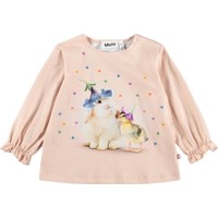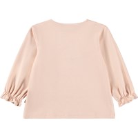 Roze, lang mouwenshirt met dierenprint voor de kleintjes, gemaakt van zachte biologische katoenen jersey. Het shirt heeft een losse pasvorm, elastiek met rucheranden aan de mouwen en drukknoopjes op de schouder voor gemakkelijk aan- en uitkleden.
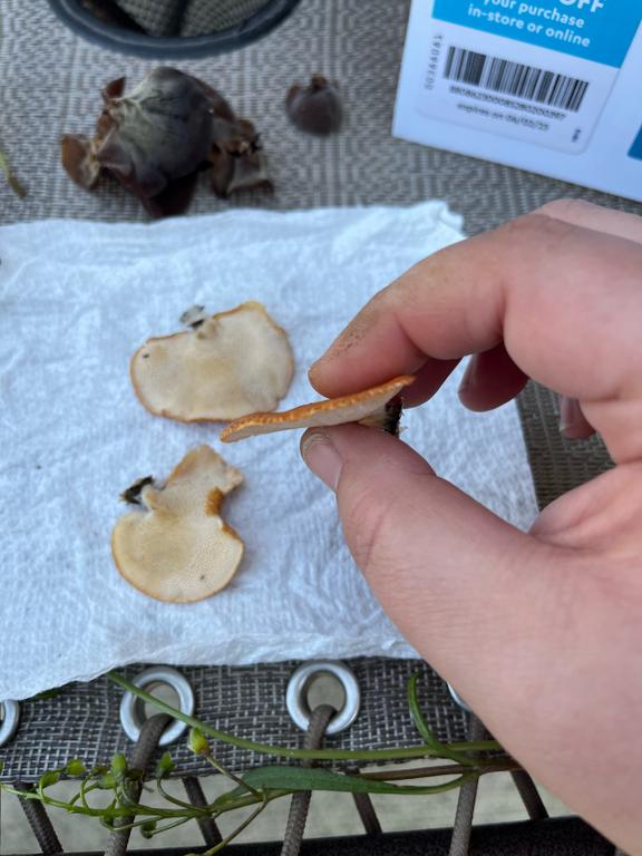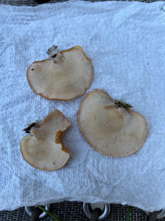 Maybe POLYPORUS ALVEOLARIS, POLYPORUS MORI, HEXAGONIA MORI)
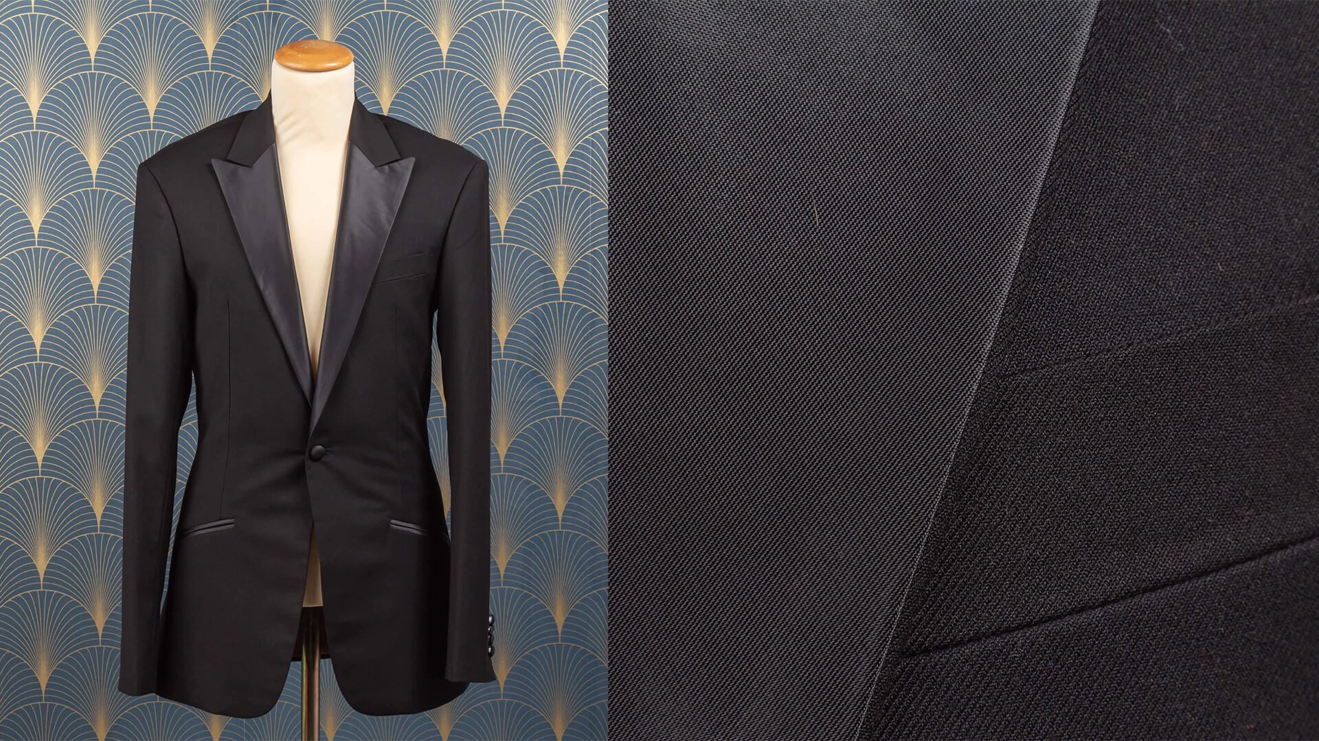 De stof, afkomstig van Holland & Sherry uit hun BLACK TIE collectie, is van het beste zwarte barathea. Barathea is een fijn geweven textiel met een lichte textuur en een subtiele kruisstructuur, waardoor het een populaire keuze is voor smokings.
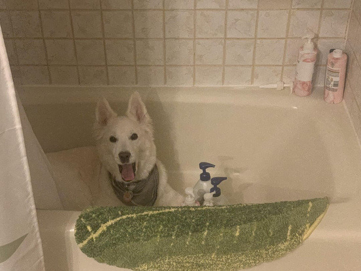 “Esta mañana mi esposo no encontraba a la perra para sacarla a pasear. Después de buscar por toda la casa, la encontró aquí. Tiene casi 12 años y jamás se había escondido en el baño”.
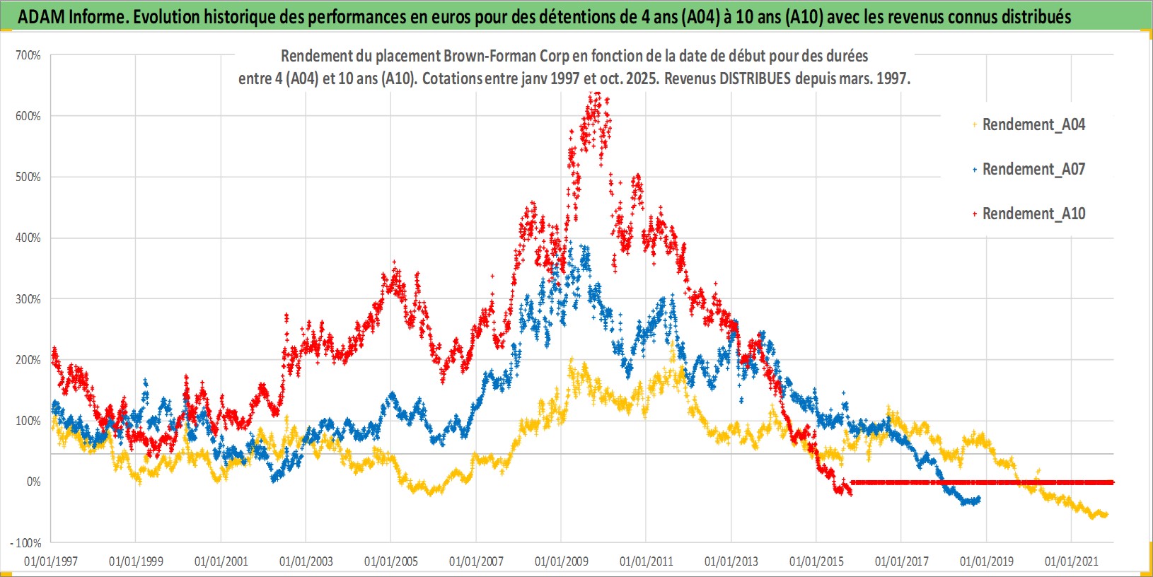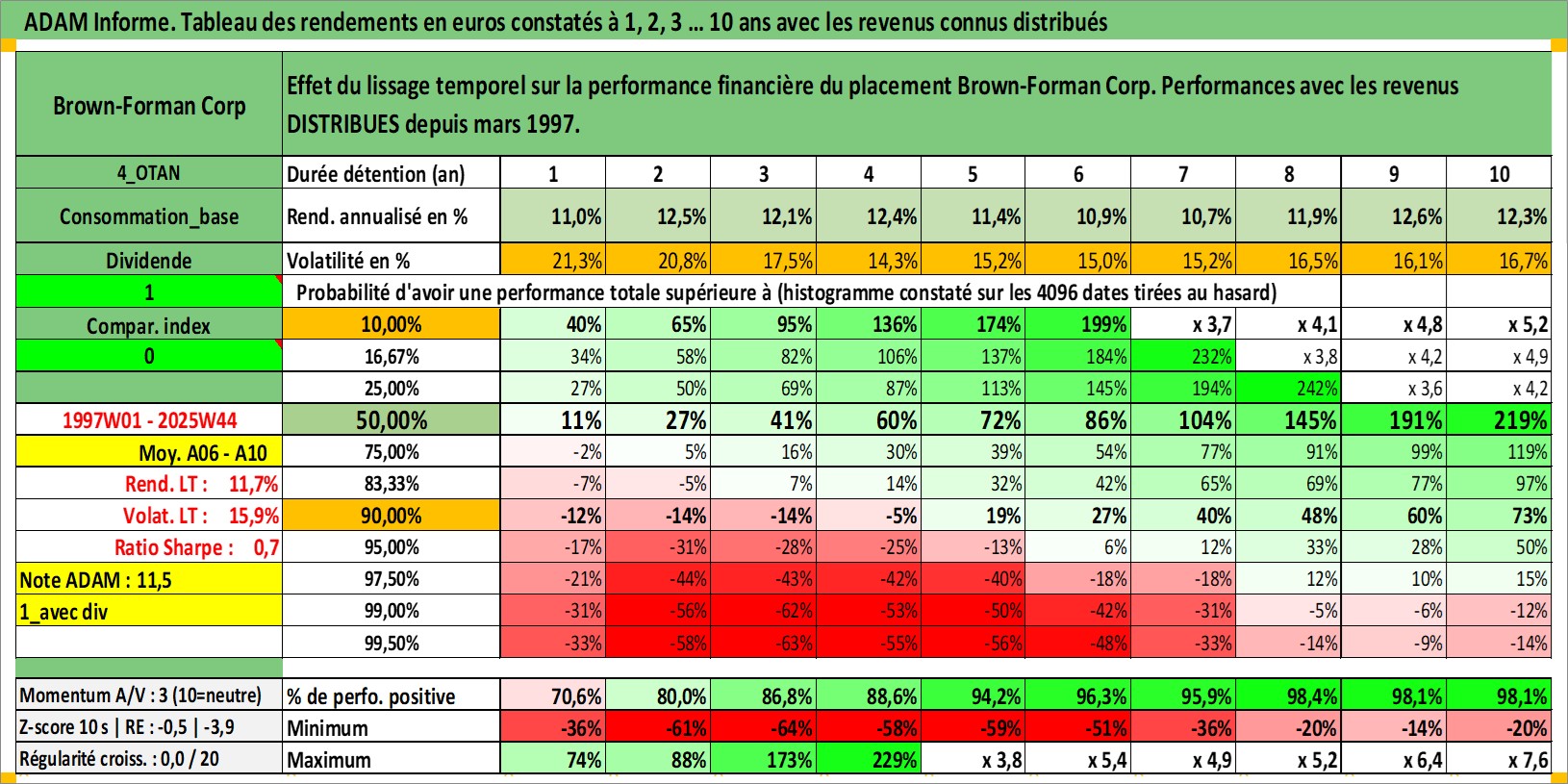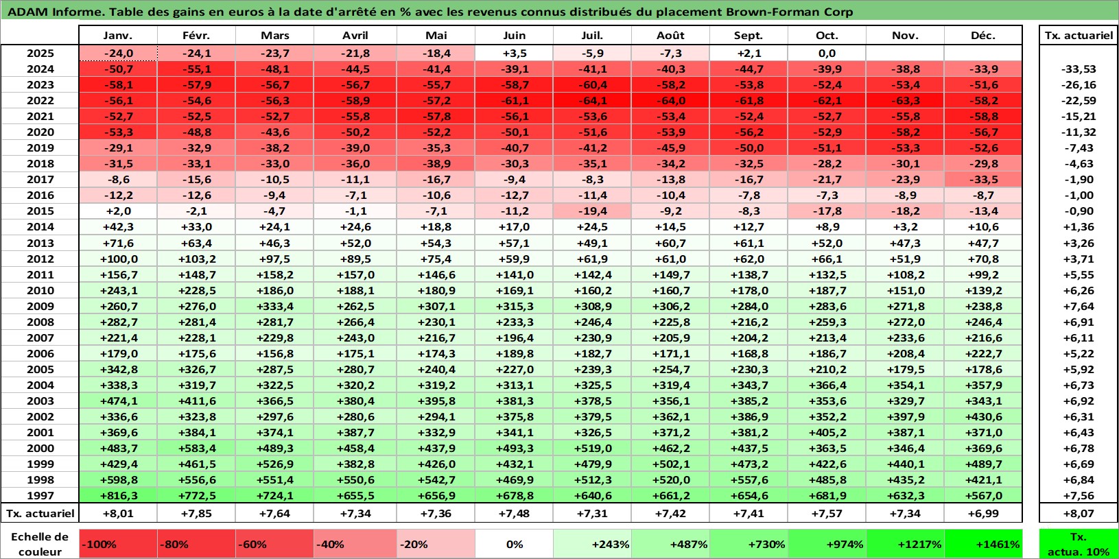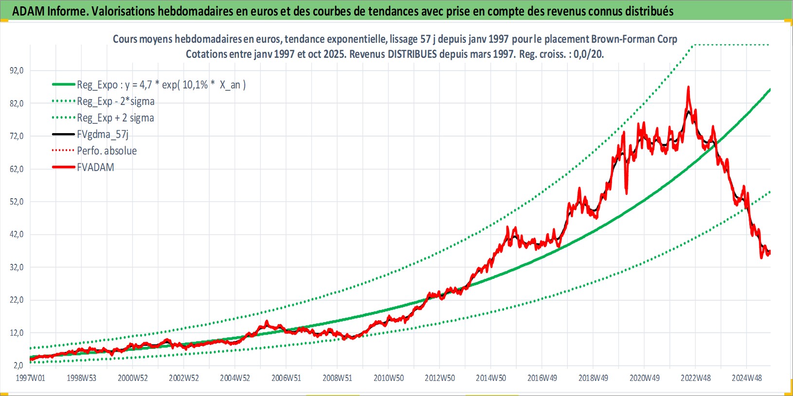 Site dédié aux investisseursPage dédiée sur site financeAnalyse des valorisations hebdomadaires de l'action Brown-Forman Corp. Cet actif est cote en USD. Les valorisations sont en contrevaleur EURO et couvrent les semaines 1997W01 a 2025W44. Les revenus de cet actif financier sont pris en compte depuis la semaine 1997W10. La note globale ESG de cet actif est estimee a 9.0 (apres rebasage entre 0 et 20).
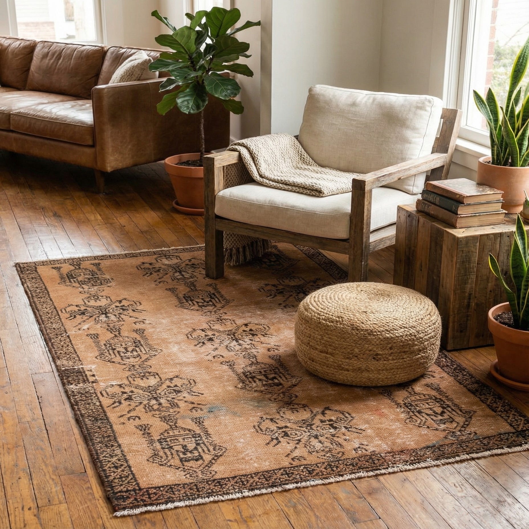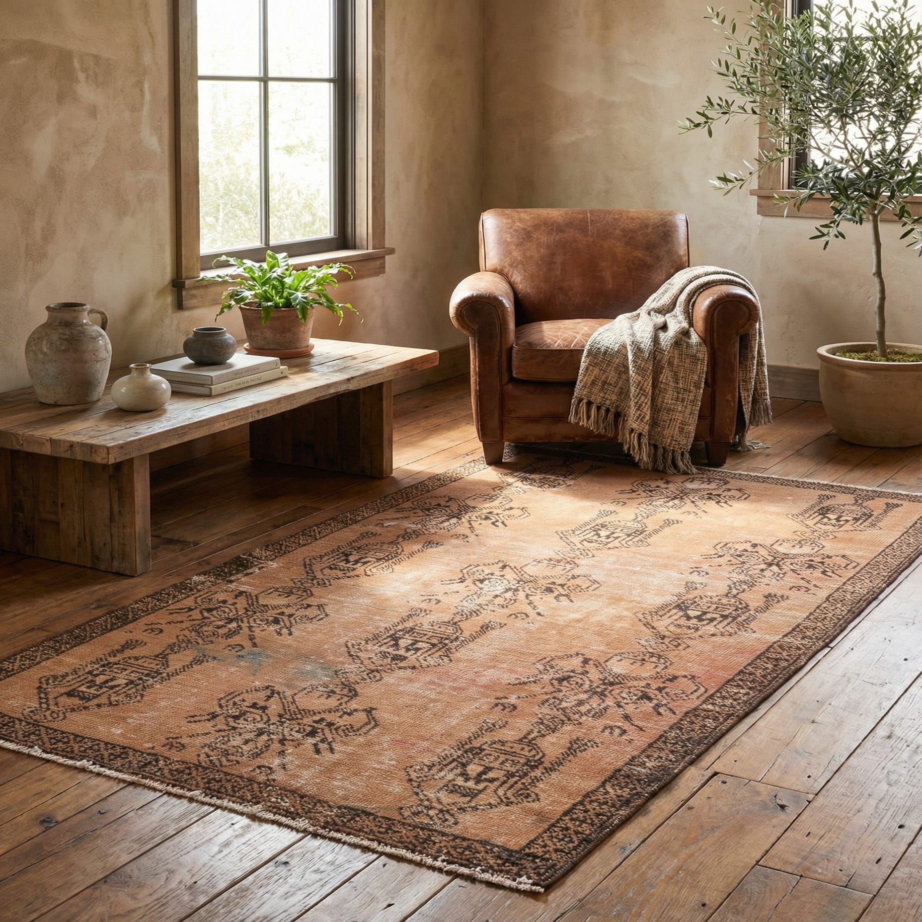 This Persian Ultra Vintage rug is an antique Persian Rug that has been washed, over-dyed, and then shaved down to a low pile. Look at the detail pictures to fully appreciate the uniqueness of this piece.
----
### Work instructions
From the line containing "mañana mi esposo" to the final line above, both included, transcribe every line exactly and leave all pictures out.

### Written answer
 “Esta mañana mi esposo no encontraba a la perra para sacarla a pasear. Después de buscar por toda la casa, la encontró aquí. Tiene casi 12 años y jamás se había escondido en el baño”.
 Site dédié aux investisseursPage dédiée sur site financeAnalyse des valorisations hebdomadaires de l'action Brown-Forman Corp. Cet actif est cote en USD. Les valorisations sont en contrevaleur EURO et couvrent les semaines 1997W01 a 2025W44. Les revenus de cet actif financier sont pris en compte depuis la semaine 1997W10. La note globale ESG de cet actif est estimee a 9.0 (apres rebasage entre 0 et 20).
 This Persian Ultra Vintage rug is an antique Persian Rug that has been washed, over-dyed, and then shaved down to a low pile. Look at the detail pictures to fully appreciate the uniqueness of this piece.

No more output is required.